== Assignment ==
Every line in the listing should be set down again verbatim.

== Data to use ==
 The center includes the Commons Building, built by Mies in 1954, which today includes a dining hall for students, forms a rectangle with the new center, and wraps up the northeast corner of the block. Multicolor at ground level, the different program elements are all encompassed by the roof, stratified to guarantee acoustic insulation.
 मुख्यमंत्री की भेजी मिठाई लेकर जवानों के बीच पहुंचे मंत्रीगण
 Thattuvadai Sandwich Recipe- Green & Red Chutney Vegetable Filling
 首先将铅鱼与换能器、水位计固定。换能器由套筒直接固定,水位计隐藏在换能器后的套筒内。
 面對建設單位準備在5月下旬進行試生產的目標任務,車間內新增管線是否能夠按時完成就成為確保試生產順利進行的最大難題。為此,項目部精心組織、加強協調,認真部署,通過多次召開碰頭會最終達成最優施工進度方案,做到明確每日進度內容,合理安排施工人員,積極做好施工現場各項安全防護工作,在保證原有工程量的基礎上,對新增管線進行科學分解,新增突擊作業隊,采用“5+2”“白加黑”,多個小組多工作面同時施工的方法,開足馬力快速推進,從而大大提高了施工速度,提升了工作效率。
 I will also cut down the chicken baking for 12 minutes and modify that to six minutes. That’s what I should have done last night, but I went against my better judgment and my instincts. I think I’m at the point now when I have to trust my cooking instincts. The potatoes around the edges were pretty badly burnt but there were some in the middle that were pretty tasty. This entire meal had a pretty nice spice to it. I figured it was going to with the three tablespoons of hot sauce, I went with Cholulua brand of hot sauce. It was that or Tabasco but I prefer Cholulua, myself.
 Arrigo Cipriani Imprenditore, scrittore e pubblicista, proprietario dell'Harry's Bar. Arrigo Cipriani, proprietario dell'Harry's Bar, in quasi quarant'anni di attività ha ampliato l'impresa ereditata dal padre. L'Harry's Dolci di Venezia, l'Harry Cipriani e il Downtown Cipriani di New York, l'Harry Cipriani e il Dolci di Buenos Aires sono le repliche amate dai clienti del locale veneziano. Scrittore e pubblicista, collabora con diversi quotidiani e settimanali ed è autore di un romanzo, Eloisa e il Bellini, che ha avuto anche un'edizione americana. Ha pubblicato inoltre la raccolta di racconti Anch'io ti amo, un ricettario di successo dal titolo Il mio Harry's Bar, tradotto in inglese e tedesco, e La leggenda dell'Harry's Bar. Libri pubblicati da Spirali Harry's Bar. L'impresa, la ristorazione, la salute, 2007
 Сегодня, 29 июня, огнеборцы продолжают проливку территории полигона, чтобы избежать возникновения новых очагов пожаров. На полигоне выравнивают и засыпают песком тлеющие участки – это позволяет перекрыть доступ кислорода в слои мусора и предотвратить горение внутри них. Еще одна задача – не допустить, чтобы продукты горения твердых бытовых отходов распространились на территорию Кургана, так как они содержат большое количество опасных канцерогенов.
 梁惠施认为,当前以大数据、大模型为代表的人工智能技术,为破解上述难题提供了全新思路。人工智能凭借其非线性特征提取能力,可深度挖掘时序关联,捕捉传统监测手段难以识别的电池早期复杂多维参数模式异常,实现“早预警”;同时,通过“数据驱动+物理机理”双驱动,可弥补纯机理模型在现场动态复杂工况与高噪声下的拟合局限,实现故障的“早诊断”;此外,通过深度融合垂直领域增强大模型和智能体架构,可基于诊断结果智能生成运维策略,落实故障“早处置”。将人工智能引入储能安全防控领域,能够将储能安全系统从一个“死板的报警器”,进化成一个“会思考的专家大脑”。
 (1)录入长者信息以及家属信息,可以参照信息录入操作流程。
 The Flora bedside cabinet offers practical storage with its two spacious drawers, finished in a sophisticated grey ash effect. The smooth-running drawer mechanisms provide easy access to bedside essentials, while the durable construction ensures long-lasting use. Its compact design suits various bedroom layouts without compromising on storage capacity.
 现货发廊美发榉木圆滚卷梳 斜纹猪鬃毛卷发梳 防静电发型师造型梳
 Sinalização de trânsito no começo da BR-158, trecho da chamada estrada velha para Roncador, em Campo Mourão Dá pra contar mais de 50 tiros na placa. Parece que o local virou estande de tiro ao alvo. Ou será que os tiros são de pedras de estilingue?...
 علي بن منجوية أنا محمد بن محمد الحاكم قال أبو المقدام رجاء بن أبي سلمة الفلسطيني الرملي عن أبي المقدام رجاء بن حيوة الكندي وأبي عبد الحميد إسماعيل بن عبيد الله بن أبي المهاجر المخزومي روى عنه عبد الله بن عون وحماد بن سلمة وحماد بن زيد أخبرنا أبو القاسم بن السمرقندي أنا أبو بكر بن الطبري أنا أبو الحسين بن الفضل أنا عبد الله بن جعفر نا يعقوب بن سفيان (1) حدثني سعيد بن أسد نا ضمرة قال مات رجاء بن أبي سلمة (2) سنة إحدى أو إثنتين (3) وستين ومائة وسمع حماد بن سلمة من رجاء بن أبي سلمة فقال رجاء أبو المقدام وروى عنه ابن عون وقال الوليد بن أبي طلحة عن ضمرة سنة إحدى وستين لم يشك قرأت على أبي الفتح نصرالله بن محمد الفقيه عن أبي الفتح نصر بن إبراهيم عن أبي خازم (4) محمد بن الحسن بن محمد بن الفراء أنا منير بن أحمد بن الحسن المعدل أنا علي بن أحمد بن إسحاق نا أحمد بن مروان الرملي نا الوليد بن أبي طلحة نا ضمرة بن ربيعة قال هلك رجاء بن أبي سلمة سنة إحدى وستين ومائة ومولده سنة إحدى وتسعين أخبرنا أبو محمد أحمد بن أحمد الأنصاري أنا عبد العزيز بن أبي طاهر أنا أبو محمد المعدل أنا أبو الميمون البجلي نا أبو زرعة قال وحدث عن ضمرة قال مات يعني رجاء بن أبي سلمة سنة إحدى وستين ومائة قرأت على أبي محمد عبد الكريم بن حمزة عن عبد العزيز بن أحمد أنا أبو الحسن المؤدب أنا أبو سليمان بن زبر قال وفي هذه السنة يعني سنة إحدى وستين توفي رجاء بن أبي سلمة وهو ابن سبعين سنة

== Task answer ==
 The center includes the Commons Building, built by Mies in 1954, which today includes a dining hall for students, forms a rectangle with the new center, and wraps up the northeast corner of the block. Multicolor at ground level, the different program elements are all encompassed by the roof, stratified to guarantee acoustic insulation.
 मुख्यमंत्री की भेजी मिठाई लेकर जवानों के बीच पहुंचे मंत्रीगण
 Thattuvadai Sandwich Recipe- Green & Red Chutney Vegetable Filling
 首先将铅鱼与换能器、水位计固定。换能器由套筒直接固定,水位计隐藏在换能器后的套筒内。
 面對建設單位準備在5月下旬進行試生產的目標任務,車間內新增管線是否能夠按時完成就成為確保試生產順利進行的最大難題。為此,項目部精心組織、加強協調,認真部署,通過多次召開碰頭會最終達成最優施工進度方案,做到明確每日進度內容,合理安排施工人員,積極做好施工現場各項安全防護工作,在保證原有工程量的基礎上,對新增管線進行科學分解,新增突擊作業隊,采用“5+2”“白加黑”,多個小組多工作面同時施工的方法,開足馬力快速推進,從而大大提高了施工速度,提升了工作效率。
 I will also cut down the chicken baking for 12 minutes and modify that to six minutes. That’s what I should have done last night, but I went against my better judgment and my instincts. I think I’m at the point now when I have to trust my cooking instincts. The potatoes around the edges were pretty badly burnt but there were some in the middle that were pretty tasty. This entire meal had a pretty nice spice to it. I figured it was going to with the three tablespoons of hot sauce, I went with Cholulua brand of hot sauce. It was that or Tabasco but I prefer Cholulua, myself.
 Arrigo Cipriani Imprenditore, scrittore e pubblicista, proprietario dell'Harry's Bar. Arrigo Cipriani, proprietario dell'Harry's Bar, in quasi quarant'anni di attività ha ampliato l'impresa ereditata dal padre. L'Harry's Dolci di Venezia, l'Harry Cipriani e il Downtown Cipriani di New York, l'Harry Cipriani e il Dolci di Buenos Aires sono le repliche amate dai clienti del locale veneziano. Scrittore e pubblicista, collabora con diversi quotidiani e settimanali ed è autore di un romanzo, Eloisa e il Bellini, che ha avuto anche un'edizione americana. Ha pubblicato inoltre la raccolta di racconti Anch'io ti amo, un ricettario di successo dal titolo Il mio Harry's Bar, tradotto in inglese e tedesco, e La leggenda dell'Harry's Bar. Libri pubblicati da Spirali Harry's Bar. L'impresa, la ristorazione, la salute, 2007
 Сегодня, 29 июня, огнеборцы продолжают проливку территории полигона, чтобы избежать возникновения новых очагов пожаров. На полигоне выравнивают и засыпают песком тлеющие участки – это позволяет перекрыть доступ кислорода в слои мусора и предотвратить горение внутри них. Еще одна задача – не допустить, чтобы продукты горения твердых бытовых отходов распространились на территорию Кургана, так как они содержат большое количество опасных канцерогенов.
 梁惠施认为,当前以大数据、大模型为代表的人工智能技术,为破解上述难题提供了全新思路。人工智能凭借其非线性特征提取能力,可深度挖掘时序关联,捕捉传统监测手段难以识别的电池早期复杂多维参数模式异常,实现“早预警”;同时,通过“数据驱动+物理机理”双驱动,可弥补纯机理模型在现场动态复杂工况与高噪声下的拟合局限,实现故障的“早诊断”;此外,通过深度融合垂直领域增强大模型和智能体架构,可基于诊断结果智能生成运维策略,落实故障“早处置”。将人工智能引入储能安全防控领域,能够将储能安全系统从一个“死板的报警器”,进化成一个“会思考的专家大脑”。
 (1)录入长者信息以及家属信息,可以参照信息录入操作流程。
 The Flora bedside cabinet offers practical storage with its two spacious drawers, finished in a sophisticated grey ash effect. The smooth-running drawer mechanisms provide easy access to bedside essentials, while the durable construction ensures long-lasting use. Its compact design suits various bedroom layouts without compromising on storage capacity.
 现货发廊美发榉木圆滚卷梳 斜纹猪鬃毛卷发梳 防静电发型师造型梳
 Sinalização de trânsito no começo da BR-158, trecho da chamada estrada velha para Roncador, em Campo Mourão Dá pra contar mais de 50 tiros na placa. Parece que o local virou estande de tiro ao alvo. Ou será que os tiros são de pedras de estilingue?...
 علي بن منجوية أنا محمد بن محمد الحاكم قال أبو المقدام رجاء بن أبي سلمة الفلسطيني الرملي عن أبي المقدام رجاء بن حيوة الكندي وأبي عبد الحميد إسماعيل بن عبيد الله بن أبي المهاجر المخزومي روى عنه عبد الله بن عون وحماد بن سلمة وحماد بن زيد أخبرنا أبو القاسم بن السمرقندي أنا أبو بكر بن الطبري أنا أبو الحسين بن الفضل أنا عبد الله بن جعفر نا يعقوب بن سفيان (1) حدثني سعيد بن أسد نا ضمرة قال مات رجاء بن أبي سلمة (2) سنة إحدى أو إثنتين (3) وستين ومائة وسمع حماد بن سلمة من رجاء بن أبي سلمة فقال رجاء أبو المقدام وروى عنه ابن عون وقال الوليد بن أبي طلحة عن ضمرة سنة إحدى وستين لم يشك قرأت على أبي الفتح نصرالله بن محمد الفقيه عن أبي الفتح نصر بن إبراهيم عن أبي خازم (4) محمد بن الحسن بن محمد بن الفراء أنا منير بن أحمد بن الحسن المعدل أنا علي بن أحمد بن إسحاق نا أحمد بن مروان الرملي نا الوليد بن أبي طلحة نا ضمرة بن ربيعة قال هلك رجاء بن أبي سلمة سنة إحدى وستين ومائة ومولده سنة إحدى وتسعين أخبرنا أبو محمد أحمد بن أحمد الأنصاري أنا عبد العزيز بن أبي طاهر أنا أبو محمد المعدل أنا أبو الميمون البجلي نا أبو زرعة قال وحدث عن ضمرة قال مات يعني رجاء بن أبي سلمة سنة إحدى وستين ومائة قرأت على أبي محمد عبد الكريم بن حمزة عن عبد العزيز بن أحمد أنا أبو الحسن المؤدب أنا أبو سليمان بن زبر قال وفي هذه السنة يعني سنة إحدى وستين توفي رجاء بن أبي سلمة وهو ابن سبعين سنة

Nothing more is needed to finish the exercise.